Output only the lines below from the one holding "Beim österreichischen Online-Pokerroom" down to the one holding "そして今日のお帰りの会は天井のだるまさんにあわせて「だるまさんが」を", both end lines included and every picture dropped.

Provided entries below:

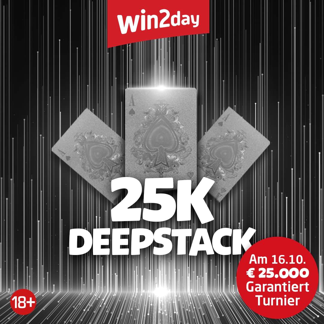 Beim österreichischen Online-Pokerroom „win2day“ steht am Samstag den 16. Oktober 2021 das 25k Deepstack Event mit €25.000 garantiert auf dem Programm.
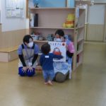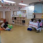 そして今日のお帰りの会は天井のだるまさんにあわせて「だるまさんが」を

End of Provided entries.
Provided entries below:

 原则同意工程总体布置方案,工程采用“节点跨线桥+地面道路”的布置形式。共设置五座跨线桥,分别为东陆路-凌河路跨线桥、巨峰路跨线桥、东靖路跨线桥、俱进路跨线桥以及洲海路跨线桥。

End of Provided entries.
Provided entries below:

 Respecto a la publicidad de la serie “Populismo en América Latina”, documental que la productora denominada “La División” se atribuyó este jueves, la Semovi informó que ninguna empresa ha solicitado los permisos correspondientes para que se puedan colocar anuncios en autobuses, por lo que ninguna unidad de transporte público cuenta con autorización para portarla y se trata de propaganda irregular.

End of Provided entries.

_Task output_
 Beim österreichischen Online-Pokerroom „win2day“ steht am Samstag den 16. Oktober 2021 das 25k Deepstack Event mit €25.000 garantiert auf dem Programm.
 そして今日のお帰りの会は天井のだるまさんにあわせて「だるまさんが」を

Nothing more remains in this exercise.